- **MATERIAL FOR THE TASK**
[Start of Attachment]

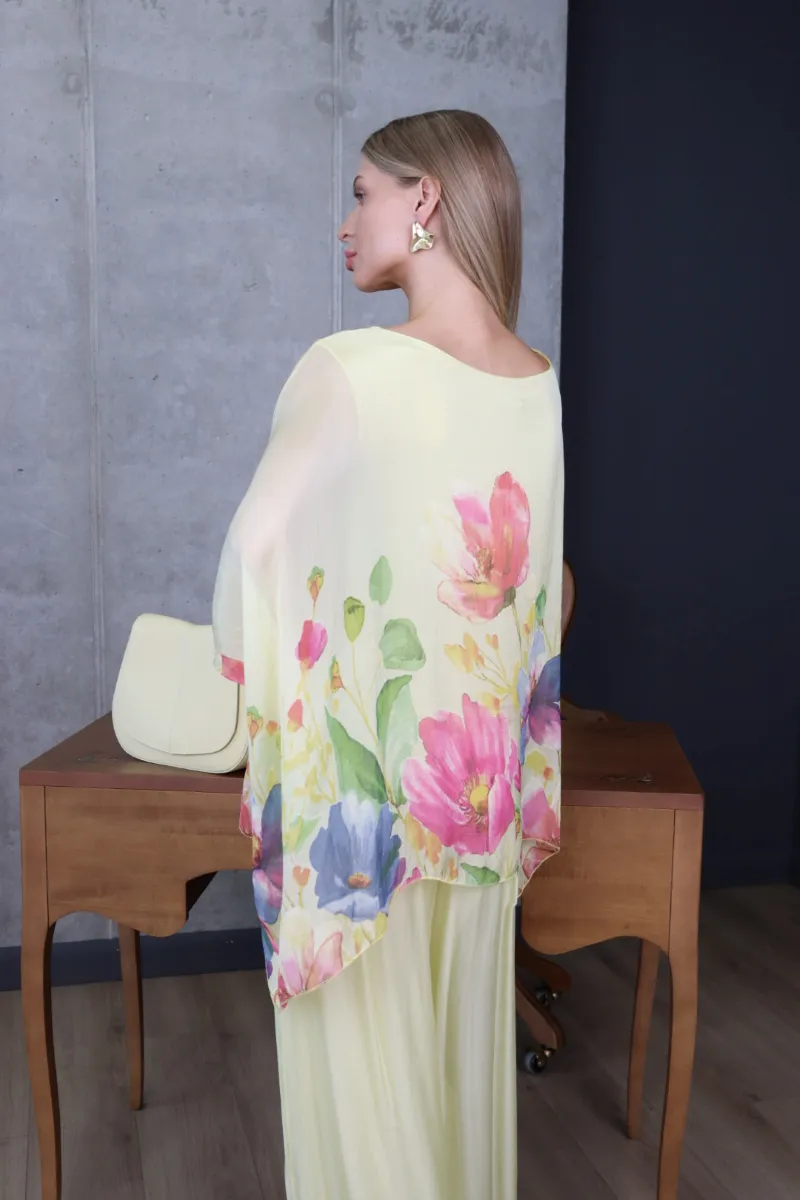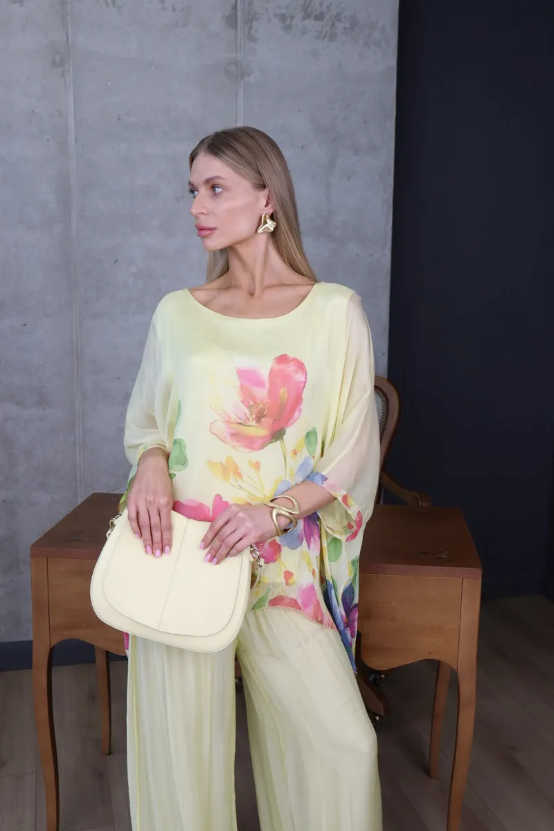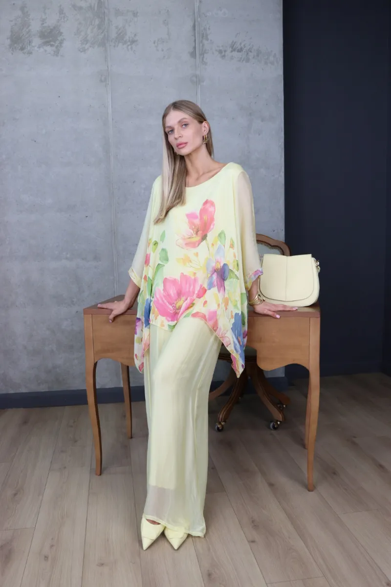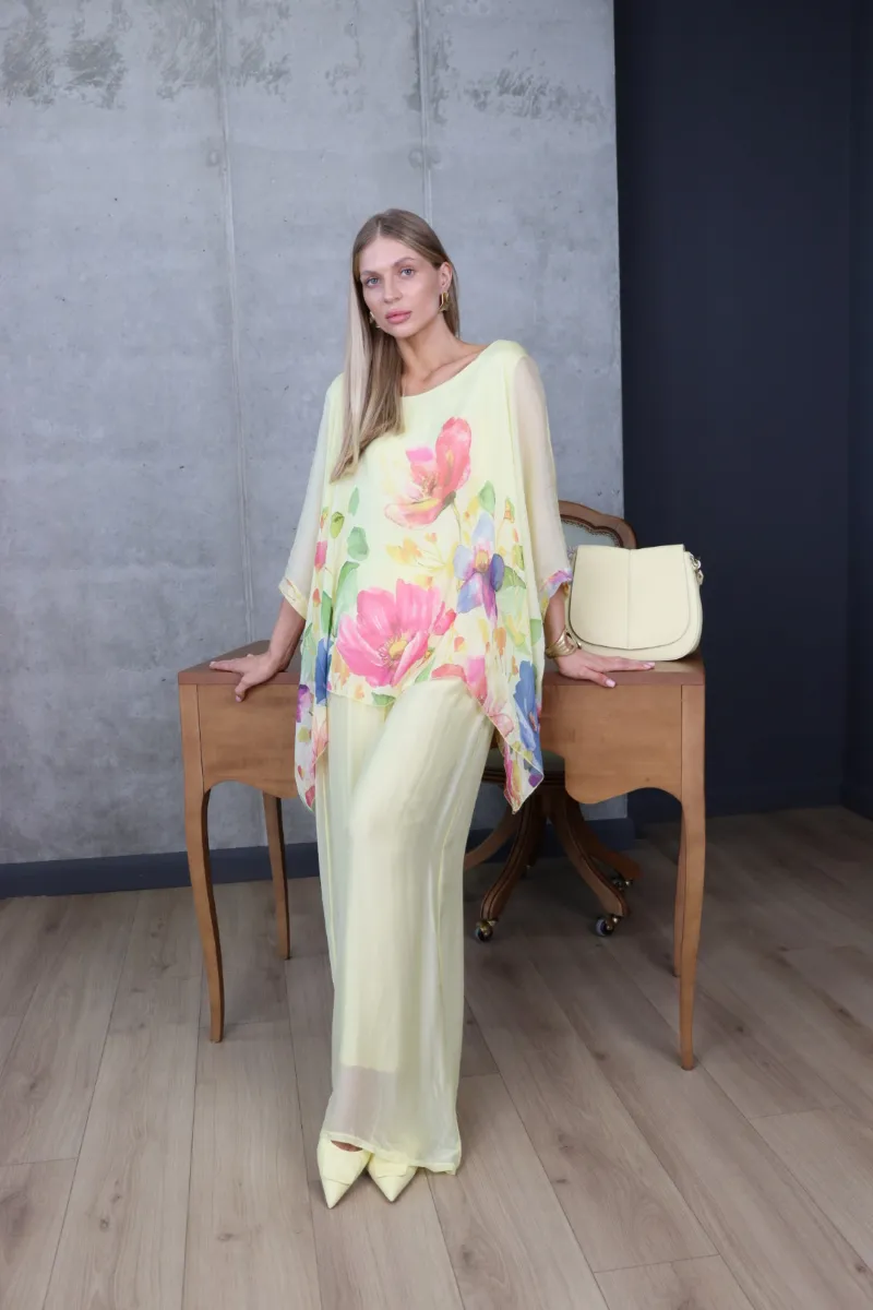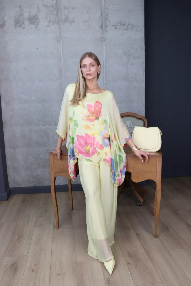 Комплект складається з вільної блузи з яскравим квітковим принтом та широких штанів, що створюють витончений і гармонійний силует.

[End of Attachment]
[Start of Attachment]

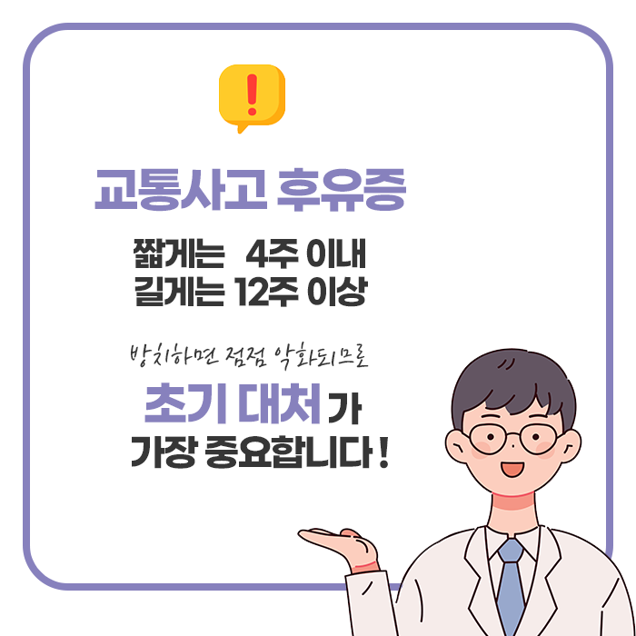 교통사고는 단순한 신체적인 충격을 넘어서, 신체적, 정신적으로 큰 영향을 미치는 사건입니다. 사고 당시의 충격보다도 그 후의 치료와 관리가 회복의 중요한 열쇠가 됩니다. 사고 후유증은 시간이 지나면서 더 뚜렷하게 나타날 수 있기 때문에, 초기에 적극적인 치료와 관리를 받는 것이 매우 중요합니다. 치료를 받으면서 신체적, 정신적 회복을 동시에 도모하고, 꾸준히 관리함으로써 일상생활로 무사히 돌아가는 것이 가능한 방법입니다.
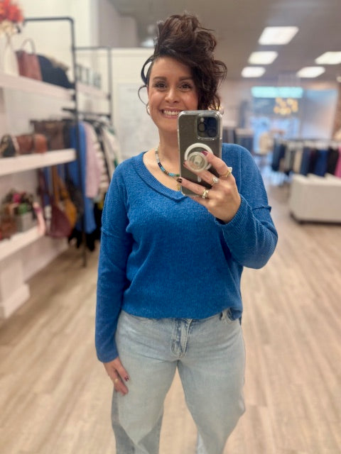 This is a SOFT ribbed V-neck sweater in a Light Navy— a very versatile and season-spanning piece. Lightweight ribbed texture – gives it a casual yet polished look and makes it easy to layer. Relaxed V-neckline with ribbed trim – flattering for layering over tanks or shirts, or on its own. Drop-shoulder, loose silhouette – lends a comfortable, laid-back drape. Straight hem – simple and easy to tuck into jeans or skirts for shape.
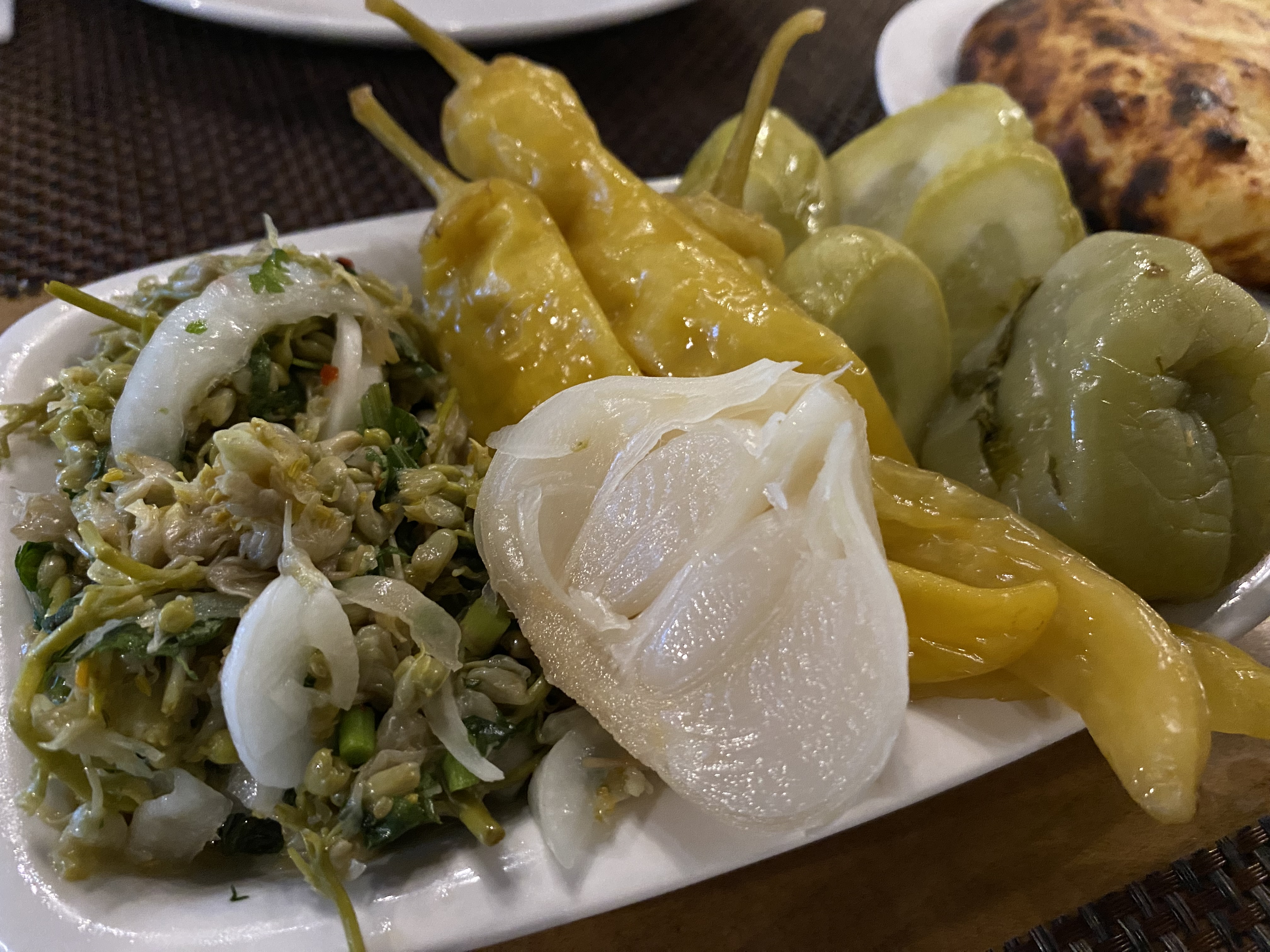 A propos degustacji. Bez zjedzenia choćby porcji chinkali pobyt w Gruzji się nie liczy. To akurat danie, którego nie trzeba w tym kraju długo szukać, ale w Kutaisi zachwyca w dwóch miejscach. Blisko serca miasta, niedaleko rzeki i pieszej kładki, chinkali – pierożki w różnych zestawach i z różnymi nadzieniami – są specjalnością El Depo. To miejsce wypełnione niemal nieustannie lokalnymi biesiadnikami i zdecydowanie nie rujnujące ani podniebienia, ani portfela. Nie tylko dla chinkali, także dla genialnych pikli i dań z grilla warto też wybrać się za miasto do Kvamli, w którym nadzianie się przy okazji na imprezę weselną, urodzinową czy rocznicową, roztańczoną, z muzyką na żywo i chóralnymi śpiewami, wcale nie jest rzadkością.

[End of Attachment]
[Start of Attachment]

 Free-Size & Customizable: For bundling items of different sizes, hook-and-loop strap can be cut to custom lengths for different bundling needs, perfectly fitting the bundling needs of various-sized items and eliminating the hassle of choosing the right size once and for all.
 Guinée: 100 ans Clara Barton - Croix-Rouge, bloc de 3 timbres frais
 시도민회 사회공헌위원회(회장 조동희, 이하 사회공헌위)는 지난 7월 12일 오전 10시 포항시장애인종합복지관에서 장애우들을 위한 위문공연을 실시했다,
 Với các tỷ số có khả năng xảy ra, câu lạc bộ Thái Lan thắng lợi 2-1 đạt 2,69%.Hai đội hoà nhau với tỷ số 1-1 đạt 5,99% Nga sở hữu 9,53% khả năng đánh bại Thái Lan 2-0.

[End of Attachment]

- **WHAT NEEDS TO BE DONE**
Once the line with "교통사고는 단순한 신체적인" is found above, transcribe each line from it through the line with "This is a SOFT", exactly, and omit the pictures.

- **RESULT BELOW**
 교통사고는 단순한 신체적인 충격을 넘어서, 신체적, 정신적으로 큰 영향을 미치는 사건입니다. 사고 당시의 충격보다도 그 후의 치료와 관리가 회복의 중요한 열쇠가 됩니다. 사고 후유증은 시간이 지나면서 더 뚜렷하게 나타날 수 있기 때문에, 초기에 적극적인 치료와 관리를 받는 것이 매우 중요합니다. 치료를 받으면서 신체적, 정신적 회복을 동시에 도모하고, 꾸준히 관리함으로써 일상생활로 무사히 돌아가는 것이 가능한 방법입니다.
 This is a SOFT ribbed V-neck sweater in a Light Navy— a very versatile and season-spanning piece. Lightweight ribbed texture – gives it a casual yet polished look and makes it easy to layer. Relaxed V-neckline with ribbed trim – flattering for layering over tanks or shirts, or on its own. Drop-shoulder, loose silhouette – lends a comfortable, laid-back drape. Straight hem – simple and easy to tuck into jeans or skirts for shape.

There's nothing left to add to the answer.